Code to switch the frame from Mass Storage mode to Mini Monitor mode

A picture can only be written to the photo frame when it is in Mini Monitor mode (and it is INITialized). However, when it is found in Mass Monitor mode, it can be switched to Mini Monitor mode by a script. The code reqired is:

dev.ctrl_transfer(0x00|0x80,  0x06, 0xfe, 0xfe, 0xfe )

Settling on the USB bus takes <0.5sec, but give it some extra time.

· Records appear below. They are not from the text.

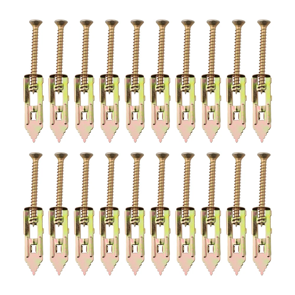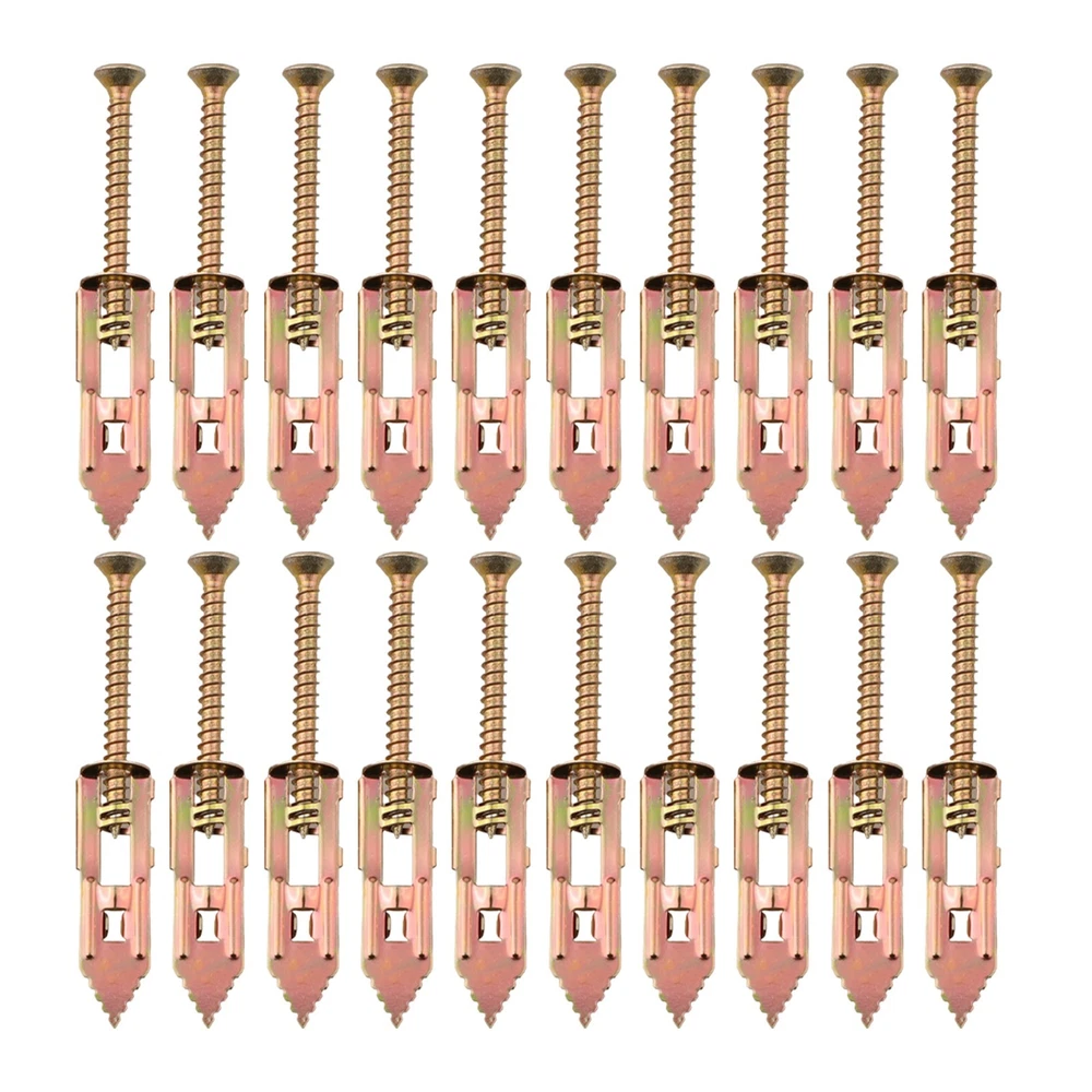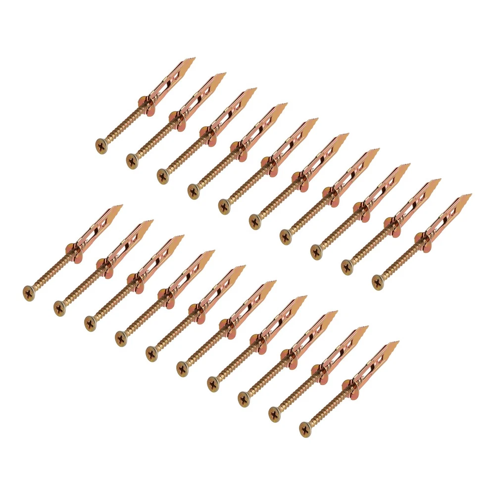 Product Description Features: *Made of carbon steel: This product is made of carbon steel, providing a sturdy galvanized structure and maximum durability. *Easy to use: The conical self-drilling anchor bolts make installation and removal easier, saving energy. *No drilling required: No need to drill holes in the wall. When removing the anchor bolts, only leave a width of 1-2mm on the wall, obstruct any damage to the wall. Avoid leaving any holes after use. *Wide application: It is widely used for drywalls, gypsum boards, lightweight brick walls, . It is perfect for hanging various items in home decoration, su ch as picture frames, wall lights, curtains, clocks, . *Expansion design: As you tighten the screws, the cracks on the grooved anchor bolts expand on both sides, increasing the fixing force. Specifications: Part Name:Expansion Anchor Material: Steel Size:40mm/30mm Color:copper Package Content: 20pcs*Expansion screw Note: 1. The real color of the item may be slightly different from the pictures shown on website caused by many factors such as brightness of your monitor and light brightness. 2. Please allow slight manual measurement deviation for the data. Payment Payment must be completed within 5 days. If you have any problems about payment, please contact us via message. Delivery details We only ship to confirmed Order addresses. Please comfirm that your Order address is in line with your shipping address. Please kindly note that the c ombined shipping is not provided because the shipping fee is calculated by weight. Also, the each additional item means exactly the the same color and size. It takes about 7 -15 working days to US; about 10-30 working days to other countries. for TRANSIT time may be a little delayed because of the bad weather and customs inspection . If you do not receive your item within 30 working days since payment finished, please contact us immediately for further assistance. Contact us We strive for 100% customer satisfaction! Positive is very important to us. If you have any questions, p lease feel to contact us via "Ask seller a question" . We will reply your email within 24 working hours.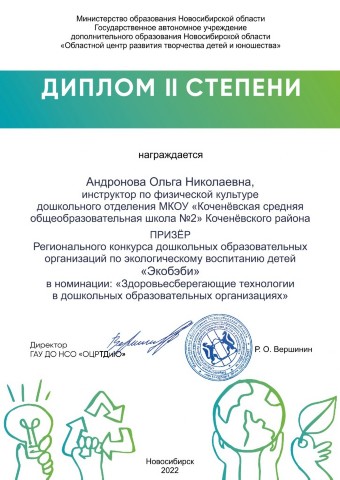 - в номинации «Здоровьесберегающие технологии в дошкольных образовательных организациях» награждён Дипломом II степени инструктор по физической культуре Ольга Николаевна Андронова (декабрь 2022 год)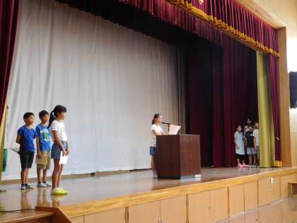みんなの日では,5年生が全校の前で発表しました。各クラス一人ずつ代表者が「長期宿泊学習,花背山の家」の感想をスピーチしました。どの子も花背山の家だからこそできた体験を自分なりの言葉で表現できていました。下級生からは「花背山の家に行くのが楽しみになりました。」という感想をもらい,5年生の思いが伝わったことと思います。花背山の家の体験をこれからの生活にもいかしていってほしいと思います。

A stripped down version of a program which takes care of switching and initialization and can be fed with pictures of any size and (almost any) type is following. Note the use of the Image module for image manipulation, and of StringIO to avoid writing and reading temp files to/from disk:

#!/usr/bin/python
# -*- coding: UTF-8 -*-

import os
import sys
import time
import usb.core
import usb.util
import StringIO
import Image
import struct

def write_jpg2frame(dev, pic):
    """Attach header to picture, pad with zeros if necessary, and send to frame"""
    # create header and stack before picture
    # middle 4 bytes have size of picture
    rawdata = b"\xa5\x5a\x18\x04" + struct.pack('<I', len(pic)) + b"\x48\x00\x00\x00" + pic
    # total transfers must be complete chunks of 16384  = 2 ^14. Complete by padding with zeros
    pad = 16384 - (len(rawdata) % 16384) +1         
    tdata = rawdata + pad * b'\x00'
    ltdata = len(tdata)
    # Syntax: write(self, endpoint, data, interface = None, timeout = None):
    endpoint = 0x02               
    dev.write(endpoint, tdata )
   

def get_known_devices():
    """Return a dict of photo frames"""
    # listed as: Name, idVendor, idProduct, [width , height - in pixel if applicable]
    #
    # Samsung SPF-87H in either mini monitor mode or mass storage mode
    SPF87H_MiniMon   = {'name':"SPF87H Mini Monitor", 'idVendor':0x04e8, 'idProduct':0x2034, 'width':800, 'height':480 }
    SPF87H_MassSto   = {'name':"SPF87H Mass Storage", 'idVendor':0x04e8, 'idProduct':0x2033}
   
    # Samsung SPF-107H (data from web reports - not tested)
    SPF107H_MiniMon  = {'name':"SPF107H Mini Monitor", 'idVendor':0x04e8, 'idProduct':0x2036, 'width':1024, 'height':600 }
    SPF107H_MassSto  = {'name':"SPF107H Mass Storage", 'idVendor':0x04e8, 'idProduct':0x2035}
   
    # Samsung SPF-83H (data from web reports - not tested)
    SPF107H_MiniMon  = {'name':"SPF107H Mini Monitor", 'idVendor':0x04e8, 'idProduct':0x200d, 'width':800, 'height':600 }
    SPF107H_MassSto  = {'name':"SPF107H Mass Storage", 'idVendor':0x04e8, 'idProduct':0x200c}
   
    return    ( SPF87H_MiniMon, SPF87H_MassSto, SPF107H_MiniMon, SPF107H_MassSto, SPF107H_MiniMon, SPF107H_MassSto )
 

def find_device(device):
    """Try to find device on USB bus."""
    return usb.core.find(idVendor=device['idVendor'], idProduct=device['idProduct'])   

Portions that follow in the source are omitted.